> [What you will do]
Set down the data below in full, exactly as it reads, but without the pictures.

> [Dataset section]
★ ★ ★ ★ ★ ★ ★

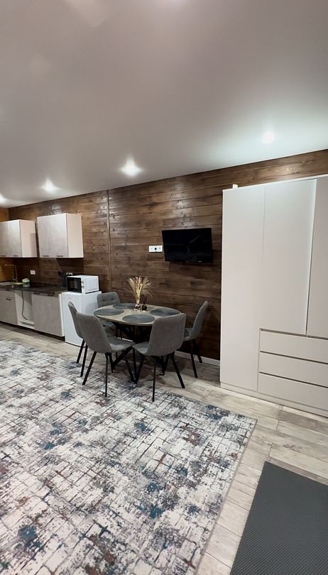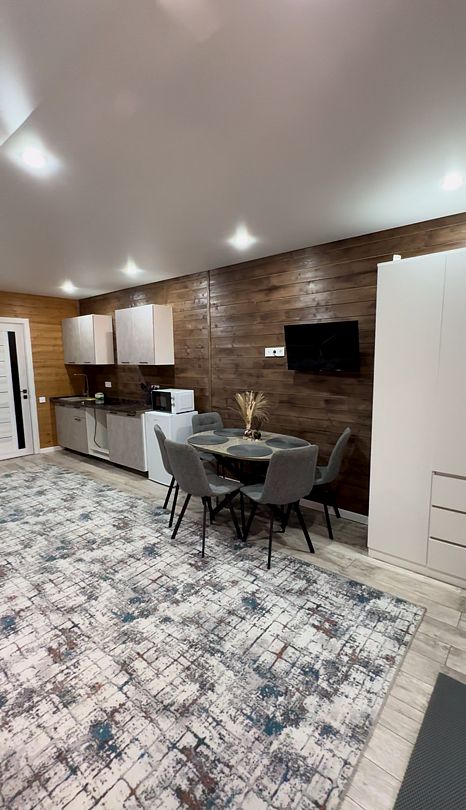 Новый уютный номер с террасой и всеми необходимыми удобствами: стильная кухня-гостиная, уютная спальня с красивым видом на горы, ванная комната со стиральной машинкой.
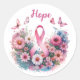 Fita rosa de conscientização sobre o cancer da mama rodeada por flores e borboletas e a palavra "esperança". Coloque-os nos envelopes para ajudar a espalhar a consciência.
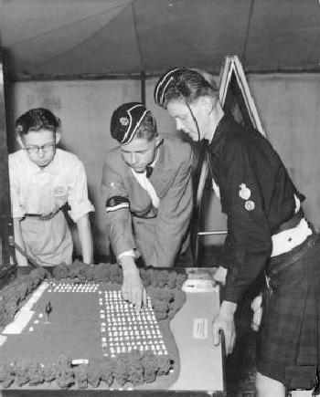 We have very little information about the Dutch Boys' Brigade, but we know that there were Brigade units in the Netherlands. As in Britain, the Brigade had more of a Christian focus and for many years a Protestant focus. The Brigade was founded in the Netherlands during 1935. We know that it was operating in the 1950s. The photograph here is dated August 12, 1954 (figure 1). It was a press photograph entitled, "Camping on Eton's Playing Fields". The caption read, "To mark the centenary of the birth of Sir William Smith, founder of the Boy's Brigade, a 10-day camp, starting today, is being held on the playing field of Eton. 2500 members of the Brigade from all over the world are attending this camp. PHOTOGRAPH SHOWS: (left to right) GEERT BYSMA and JAN REXNTJES, aged 15 and 16 respectively, both of the le Hoogkerke B.B. Group of Holland, studying the model of the camp lay-out with Jim Henderson (17) from the 1st Dunoon Group of Scotland. He is a piper in the Boys Brigade Band, and a Corporal." We do not know the Brigade's current status in the Netherlands.
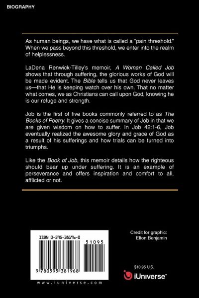 As human beings, we have what is called a "pain threshold." When we pass beyond this threshold, we enter into the realm of helplessness. LaDena Renwick-Tilley's memoir, oman Called Jobws that through suffering, the glorious works of God will be made evident. The Bible tells us that God never leaves us--that He is keeping watch over his own. That no matter what comes, we as Christians can call upon God, knowing he is our refuge and strength. Job is the first of five books commonly referred to as "The Books of Poetry." It gives a concise summary of Job in that we are given wisdom on how to suffer. In Job 42:1-6, Job eventually realized the awesome glory and grace of God as a result of his sufferings and how trials can be turned into triumphs. Like the Book of Job, this memoir details how the righteous should bear up under suffering. It is an example of perseverance and offers inspiration and comfort to all, afflicted or not.

★ ★ ★ ★ ★ ★ ★

> [Result for this exercise]
 Новый уютный номер с террасой и всеми необходимыми удобствами: стильная кухня-гостиная, уютная спальня с красивым видом на горы, ванная комната со стиральной машинкой.
 Fita rosa de conscientização sobre o cancer da mama rodeada por flores e borboletas e a palavra "esperança". Coloque-os nos envelopes para ajudar a espalhar a consciência.
 We have very little information about the Dutch Boys' Brigade, but we know that there were Brigade units in the Netherlands. As in Britain, the Brigade had more of a Christian focus and for many years a Protestant focus. The Brigade was founded in the Netherlands during 1935. We know that it was operating in the 1950s. The photograph here is dated August 12, 1954 (figure 1). It was a press photograph entitled, "Camping on Eton's Playing Fields". The caption read, "To mark the centenary of the birth of Sir William Smith, founder of the Boy's Brigade, a 10-day camp, starting today, is being held on the playing field of Eton. 2500 members of the Brigade from all over the world are attending this camp. PHOTOGRAPH SHOWS: (left to right) GEERT BYSMA and JAN REXNTJES, aged 15 and 16 respectively, both of the le Hoogkerke B.B. Group of Holland, studying the model of the camp lay-out with Jim Henderson (17) from the 1st Dunoon Group of Scotland. He is a piper in the Boys Brigade Band, and a Corporal." We do not know the Brigade's current status in the Netherlands.
 As human beings, we have what is called a "pain threshold." When we pass beyond this threshold, we enter into the realm of helplessness. LaDena Renwick-Tilley's memoir, oman Called Jobws that through suffering, the glorious works of God will be made evident. The Bible tells us that God never leaves us--that He is keeping watch over his own. That no matter what comes, we as Christians can call upon God, knowing he is our refuge and strength. Job is the first of five books commonly referred to as "The Books of Poetry." It gives a concise summary of Job in that we are given wisdom on how to suffer. In Job 42:1-6, Job eventually realized the awesome glory and grace of God as a result of his sufferings and how trials can be turned into triumphs. Like the Book of Job, this memoir details how the righteous should bear up under suffering. It is an example of perseverance and offers inspiration and comfort to all, afflicted or not.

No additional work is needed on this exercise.